An increase in heat waves is among the most predicted consequences of a world that continues to overheat at a dizzying rate. The consequences of heat waves range from reduced worker productivity (especially those who work outside regularly), higher electricity use due to, for example, increased use of air conditioners, and, unfortunately, an increase in heat-related deaths.

Despite the importance of this topic, until a little while ago there was no global map of heat waves showing heatwave changes at a regional level.

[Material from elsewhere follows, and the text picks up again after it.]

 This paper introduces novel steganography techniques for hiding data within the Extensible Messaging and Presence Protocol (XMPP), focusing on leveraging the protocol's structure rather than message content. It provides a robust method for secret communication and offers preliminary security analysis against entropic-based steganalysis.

Such a map was recently published in an article in Nature Communications showing how, since the 1950s, heat waves have increased in almost every part of the world, both in frequency and in duration.

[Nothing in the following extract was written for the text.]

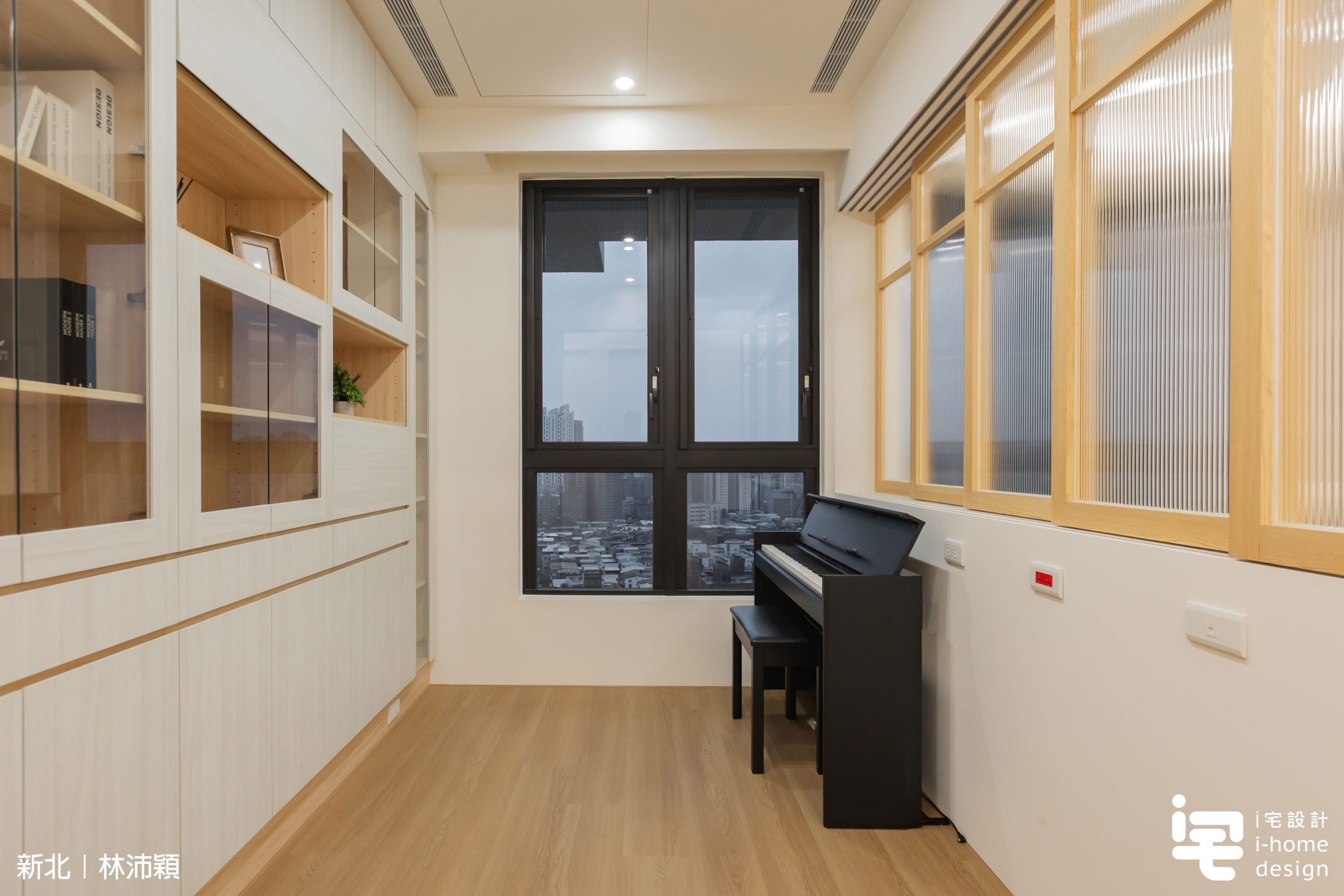 拆除原房間後重新規劃為多功能空間,透過半高牆與木作滑窗界定場域,並以滑窗作為空間區隔。當木作窗關上時,可作為書房或提供客人短暫休息;平時開啟則讓視覺自然延伸,使空間更加通透。木作窗採用長虹玻璃,引入自然光線,在兼顧隱私的同時維持整體明亮感。

maps showing heat wave trends

Trends in seasonal heatwave days (a, b); length of longest heatwave (c, d); average heatwave intensity (e, f); and cumulative heat (g, h) over the period 1950−2014. Source: Nature Communications

The researchers also produced a new metric, called cumulative heat, which reveals precisely the amount of heat contained in the individual waves of heat during the different seasons. “Not only have we seen more and longer heatwaves worldwide in the past 70 years, but this trend has markedly accelerated,” said study co-author Sarah Perkins Kirkpatrick from the ARC Center of Excellence for Climate Extremes. “Cumulative heat shows a similar acceleration, increasing globally on average by 1°C – 4.5°C each decade but in some places, like the Middle East and parts of Africa and South America, the trend is up to 10°C a decade,” she continued.

In the worst heat wave season in Australia, an additional 80°C of cumulative heat occurred across the country. In Russia and in the Mediterranean, their most extreme seasons have simmered in an extra 200°C or more of cumulative heat.

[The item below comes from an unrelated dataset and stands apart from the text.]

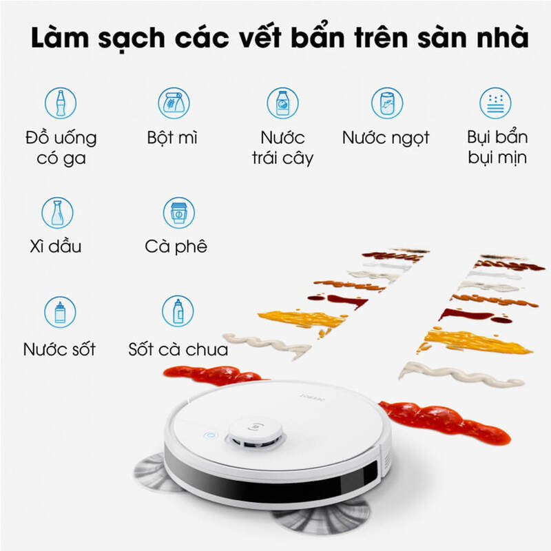 - Robot có khả năng làm sạch nhiều loại vết bẩn cứng đầu: nước soda, bột mì, nước trái cây, nước ngọt, bụi bẩn, xì dầu, cà phê, nước sốt, sốtcà chua

The only metric that hasn’t seen an acceleration (but it has still been growing) is the intensity of heat waves, which is strongly associated with the average temperature. This is not because things have not gotten worse, but because globally there have been several days of heat waves and, at the same time, the heat waves lasted longer. In synthesis: Taking the average temperature across more days can hide extreme shifts in temperature. Only southern Australia and small areas of Africa and South America showed an increase in the average intensity of heat waves.

The study also focused on the potential impact of natural variability, showing that it is necessary to use more than a decade’s worth of data for results to be reliable. For this reason, they focused on a period that extends for about 70 years, from 1950 until 2017.

The results showed that in the Mediterranean, the number of days of heat waves has grown by about two days per decade between 1950 and 2017. This value grows up to about 7 days per decade when considering the period from 1980 to 2017. Regions such as the Amazon, northeastern Brazil, western Asia and the Mediterranean are experiencing rapid changes in heat waves, while areas such as Southern Australia and North Asia continue to see changes but at a slower pace.

Regardless of the pace of the change, nations with reduced infrastructure will be hit hardest by the extreme heat. In Gordon’s words: “The dramatic region-by-region change in heat waves we have witnessed over the past 70 years, and the rapid increase in the number of these events, are unequivocal indicators that global warming is now with us and accelerating. This research is just the latest piece of evidence that should act as a clarion call to policymakers that urgent action is needed now if we are to prevent the worst outcomes of global warming. The time for inaction is over.”

Marco Tedesco is a research professor at Columbia University’s Lamont-Doherty Earth Observatory.